--- Record set ---

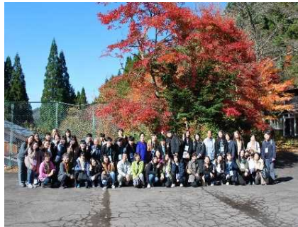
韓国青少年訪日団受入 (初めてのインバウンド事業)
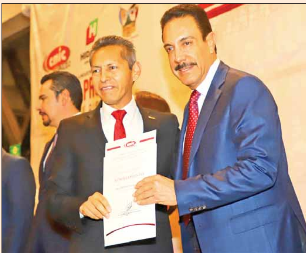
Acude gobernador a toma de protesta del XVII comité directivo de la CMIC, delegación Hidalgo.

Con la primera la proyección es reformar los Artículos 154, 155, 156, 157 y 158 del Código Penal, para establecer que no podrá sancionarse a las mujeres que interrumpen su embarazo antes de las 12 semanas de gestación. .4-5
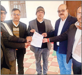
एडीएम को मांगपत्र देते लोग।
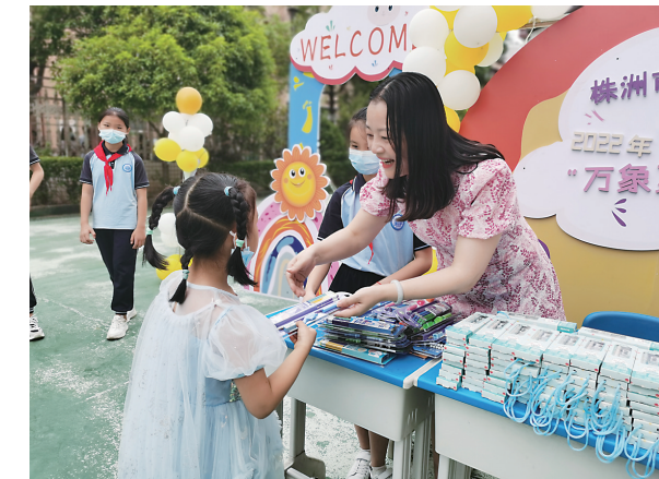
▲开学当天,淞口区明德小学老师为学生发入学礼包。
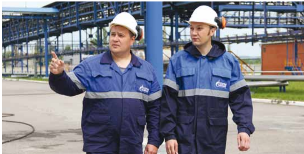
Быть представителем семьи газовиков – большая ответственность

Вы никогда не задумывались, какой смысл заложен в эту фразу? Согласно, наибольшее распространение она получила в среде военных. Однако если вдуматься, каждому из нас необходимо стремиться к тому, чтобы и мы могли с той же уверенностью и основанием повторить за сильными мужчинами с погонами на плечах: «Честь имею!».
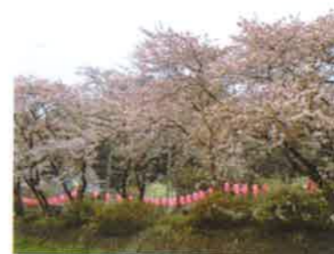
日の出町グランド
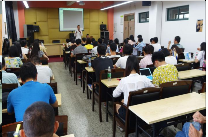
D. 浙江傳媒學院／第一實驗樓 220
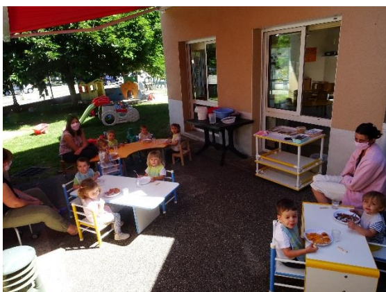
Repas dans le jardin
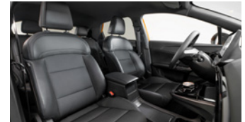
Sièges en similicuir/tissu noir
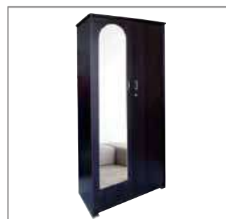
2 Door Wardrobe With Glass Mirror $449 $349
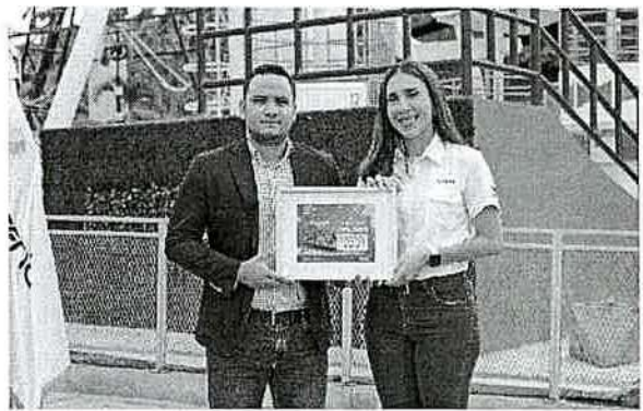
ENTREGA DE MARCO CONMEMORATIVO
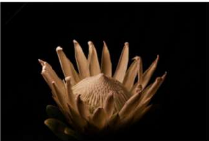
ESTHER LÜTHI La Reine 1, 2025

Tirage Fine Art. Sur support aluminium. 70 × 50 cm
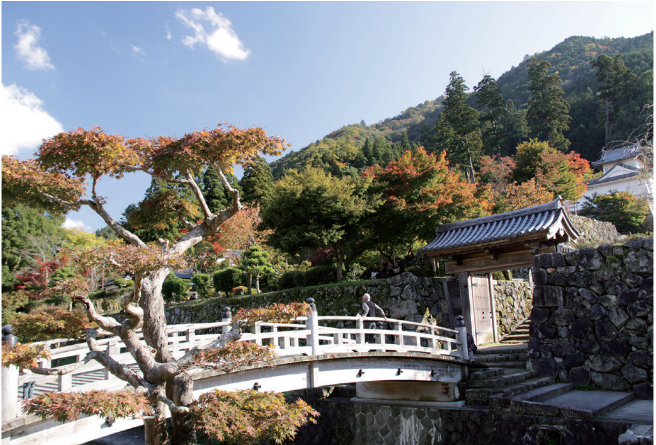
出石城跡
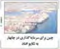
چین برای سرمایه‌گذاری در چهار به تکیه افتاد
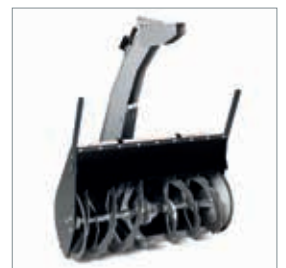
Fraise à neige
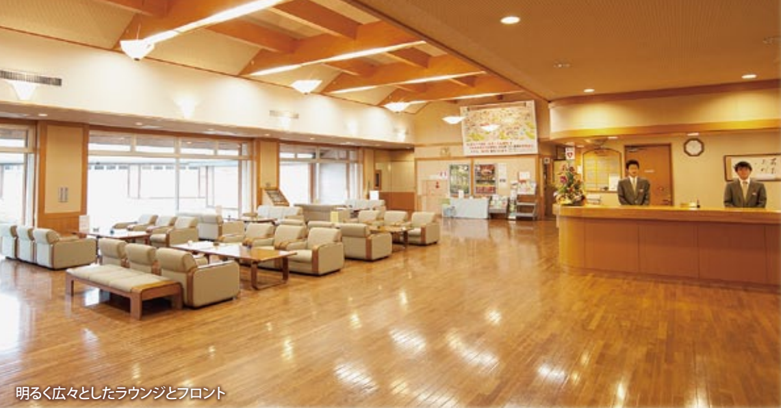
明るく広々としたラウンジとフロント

--

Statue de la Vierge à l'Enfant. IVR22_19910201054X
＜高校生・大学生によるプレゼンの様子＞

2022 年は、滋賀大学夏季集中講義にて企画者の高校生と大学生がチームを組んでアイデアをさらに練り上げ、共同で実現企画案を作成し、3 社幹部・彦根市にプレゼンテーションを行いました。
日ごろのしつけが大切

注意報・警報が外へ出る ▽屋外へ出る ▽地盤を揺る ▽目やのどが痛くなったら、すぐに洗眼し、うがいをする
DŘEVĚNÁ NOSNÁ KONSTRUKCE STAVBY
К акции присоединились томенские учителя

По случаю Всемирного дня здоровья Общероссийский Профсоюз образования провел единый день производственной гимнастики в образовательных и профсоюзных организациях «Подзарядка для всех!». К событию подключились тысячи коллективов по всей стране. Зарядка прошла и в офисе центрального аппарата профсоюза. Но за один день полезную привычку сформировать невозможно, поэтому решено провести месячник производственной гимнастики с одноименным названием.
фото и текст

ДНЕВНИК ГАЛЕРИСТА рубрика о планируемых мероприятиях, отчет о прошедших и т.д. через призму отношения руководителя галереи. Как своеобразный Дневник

--- Work to complete ---
Given the listing above, repeat exactly the lines starting at the one with "韓国青少年訪日団受入 (初めてのインバウンド事業)" and ending at the one with "Sièges en similicuir/tissu noir", inclusive, excluding pictures.

--- Response area ---
韓国青少年訪日団受入 (初めてのインバウンド事業)
Acude gobernador a toma de protesta del XVII comité directivo de la CMIC, delegación Hidalgo.

Con la primera la proyección es reformar los Artículos 154, 155, 156, 157 y 158 del Código Penal, para establecer que no podrá sancionarse a las mujeres que interrumpen su embarazo antes de las 12 semanas de gestación. .4-5
एडीएम को मांगपत्र देते लोग।
▲开学当天,淞口区明德小学老师为学生发入学礼包。
Быть представителем семьи газовиков – большая ответственность

Вы никогда не задумывались, какой смысл заложен в эту фразу? Согласно, наибольшее распространение она получила в среде военных. Однако если вдуматься, каждому из нас необходимо стремиться к тому, чтобы и мы могли с той же уверенностью и основанием повторить за сильными мужчинами с погонами на плечах: «Честь имею!».
日の出町グランド
D. 浙江傳媒學院／第一實驗樓 220
Repas dans le jardin
Sièges en similicuir/tissu noir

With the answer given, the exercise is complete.